Figure 9. Post-RA bank assignment heuristics.

# 5.3 Heuristic Algorithm for Post-RA Bank Assignment

We discuss the algorithm for post-RA bank assignment algorithm in this section. In Figure 9, the procedure Post\_RA\_Bank\_Assignment consists of 4 parts: register allocation, constructing and calculating the cost for pattern, breaking odd cycles and balancing the two bank groups. After register allocation is done (assuming a monolithic register file), the Pattern\_set is constructed. Cost calculation is more complicated than the pre-RA bank assignment. Next, odd cycles are broken as in the previous section. Bank balancing has two steps. The near-balancing algorithm in the previous section is applied first, because it incurs no cost. Then, the approach described in section 5.2 is applied to achieve a perfect balance.

## 6. Combined Register Allocation Approach

As mentioned before, it is possible to combine register allocation with register bank assignment. However, as many register allocation algorithms have been proposed in literature, we do not want to delve into all the possibilities. In this section, we briefly introduce our combined algorithm with Briggs-style register allocation algorithm [11]. In contrast to the original algorithm, we have several modifications.

The allocator takes nodes from the interference graph and pushes them to one of the stacks.

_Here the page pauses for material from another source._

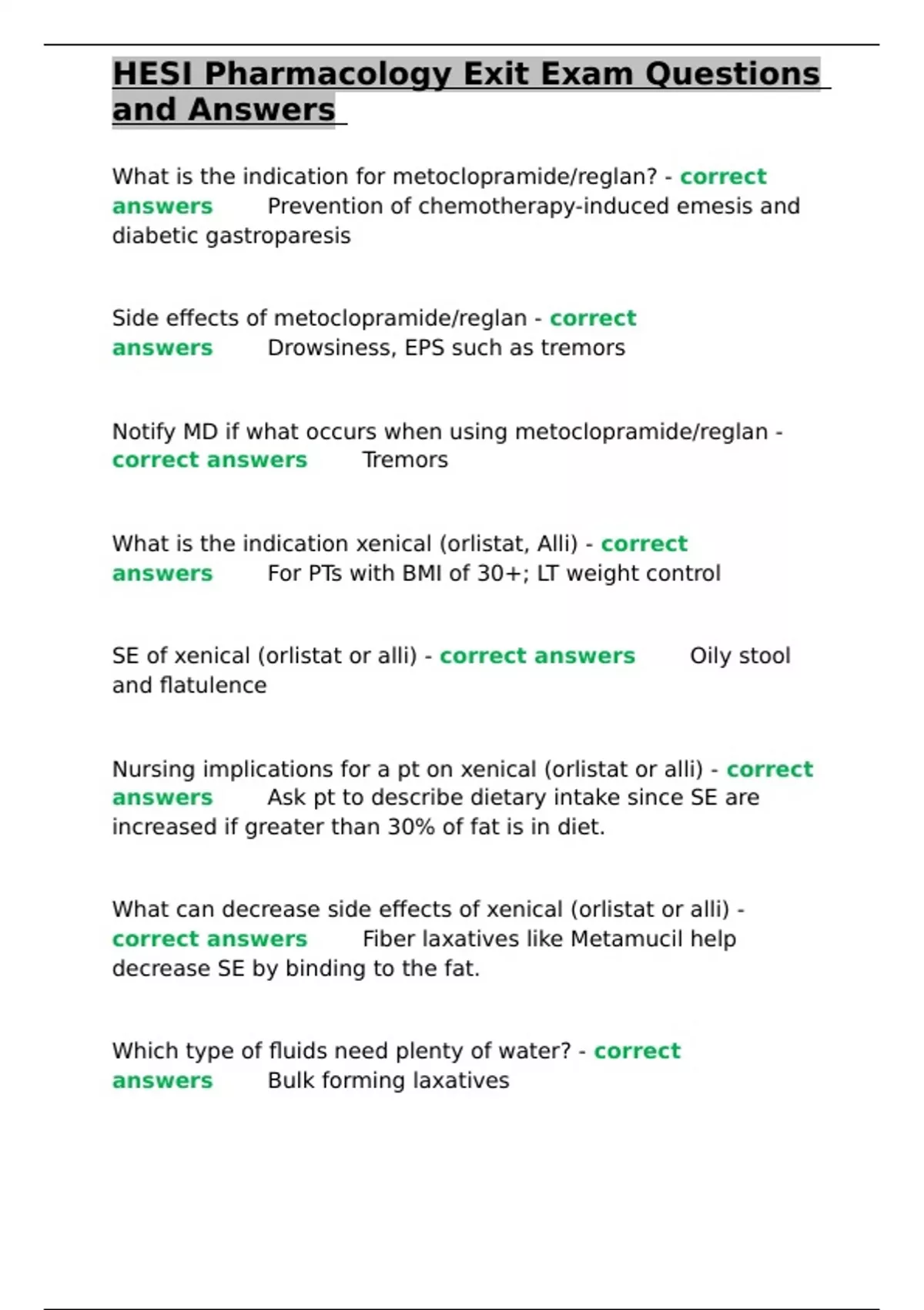 correct answers✅✅Fiber laxatives like Metamucil help

- 1. Two stacks are maintained for the two banks.
- During "coalesce", coalescence is performed only when the two nodes do not interfere with each other. In addition, coalescence should not create new odd cycles.
- 3. In the "simplify" stage, we push each node on the IG to one of the stacks. Nodes can be marked as "spill" or "conflict". Nodes are pushed in the following order.
  - We pick a node and push it to a stack that causes no conflict (with nodes still on the IG) and no spilling (with neighbor number less than the number of registers in one bank).
  - If a) fails, find a node that does not need spilling (but has bank conflicts) and with minimal cost to resolve the conflict, push it to one of the stacks.
  - If both a) and b) fail, find a node that must be spilled but with minimal spill cost as calculated by Brigg's algorithm and push it to one of the stacks.
- During "select", we pop nodes from the two stacks one by one in the order they are pushed to the stacks.
  - Give the node a color (the color must belong to the bank of that node) that is different from all colored neighbors on the IG, and that has no conflict with the nodes already on the IG.
  - b. If the color is available, but there is conflict, we resolve the conflict as in the previous section.
  - c. If both a) and b) fail, the node must be spilled.

One difficulty in the combined approach is that we do not know the bank assignments of the remaining nodes on the IG during "simplify". In the worst case, we have to assume all neighbors will be in the same bank, so only half of the registers are available for coloring. This causes a lot of nodes to be marked as "spill". Possible improvements to this problem are being investigated.

# 7. Some Enabling Techniques

This section discusses two types of optimizations that can help with the aforementioned approaches. As shown later, these approaches do not require additional virtual or physical register but can help to reduce the number of odd cycles on the RCG.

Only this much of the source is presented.